Recorded information:
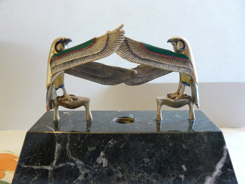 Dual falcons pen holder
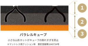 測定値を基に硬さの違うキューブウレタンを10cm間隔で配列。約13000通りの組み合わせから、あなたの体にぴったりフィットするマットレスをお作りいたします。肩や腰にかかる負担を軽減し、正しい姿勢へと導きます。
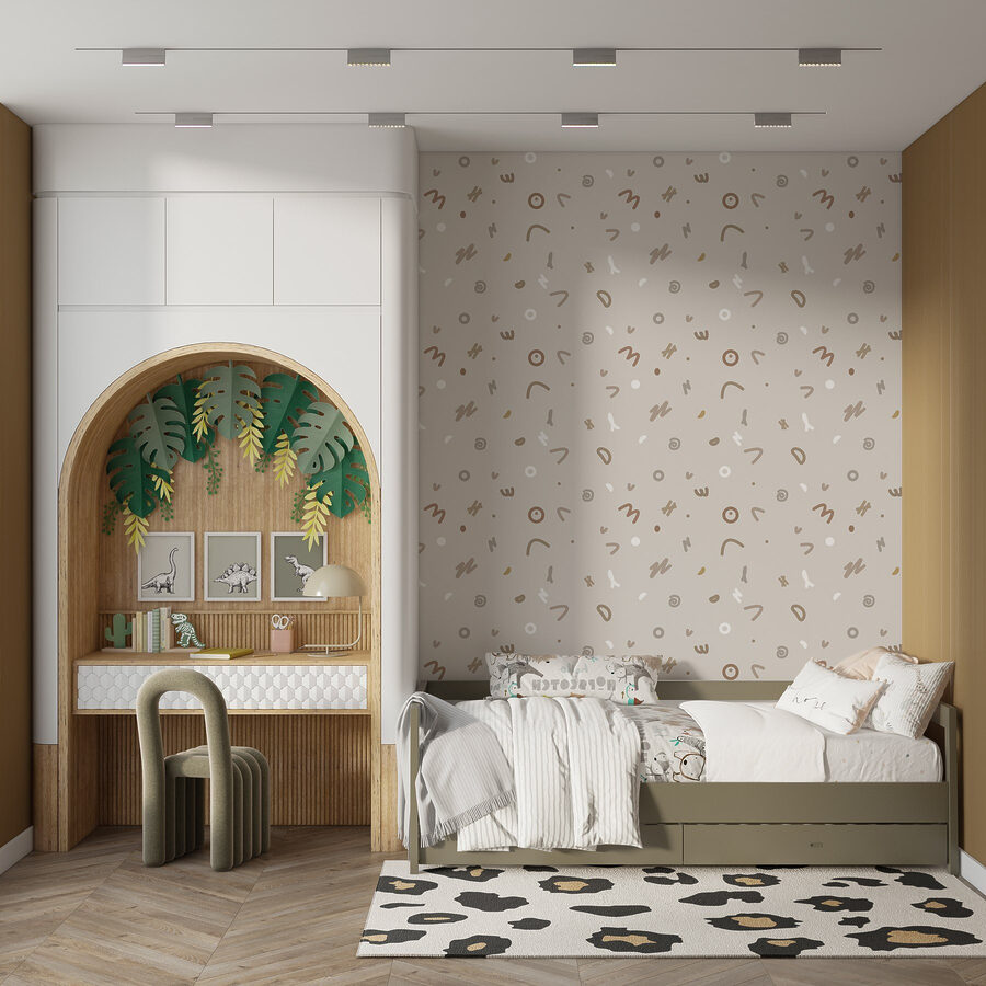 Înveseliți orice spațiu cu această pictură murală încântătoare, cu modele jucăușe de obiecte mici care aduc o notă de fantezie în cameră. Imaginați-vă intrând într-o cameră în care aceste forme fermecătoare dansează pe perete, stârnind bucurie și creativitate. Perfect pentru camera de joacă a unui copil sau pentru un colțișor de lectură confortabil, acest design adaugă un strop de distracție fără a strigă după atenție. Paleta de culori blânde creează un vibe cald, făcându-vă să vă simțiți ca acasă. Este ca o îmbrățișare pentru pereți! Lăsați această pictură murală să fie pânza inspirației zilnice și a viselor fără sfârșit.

Work order: Every line of the listing is to be repeated exactly, and the pictures are to be dropped.

Written answer:
 Dual falcons pen holder
 測定値を基に硬さの違うキューブウレタンを10cm間隔で配列。約13000通りの組み合わせから、あなたの体にぴったりフィットするマットレスをお作りいたします。肩や腰にかかる負担を軽減し、正しい姿勢へと導きます。
 Înveseliți orice spațiu cu această pictură murală încântătoare, cu modele jucăușe de obiecte mici care aduc o notă de fantezie în cameră. Imaginați-vă intrând într-o cameră în care aceste forme fermecătoare dansează pe perete, stârnind bucurie și creativitate. Perfect pentru camera de joacă a unui copil sau pentru un colțișor de lectură confortabil, acest design adaugă un strop de distracție fără a strigă după atenție. Paleta de culori blânde creează un vibe cald, făcându-vă să vă simțiți ca acasă. Este ca o îmbrățișare pentru pereți! Lăsați această pictură murală să fie pânza inspirației zilnice și a viselor fără sfârșit.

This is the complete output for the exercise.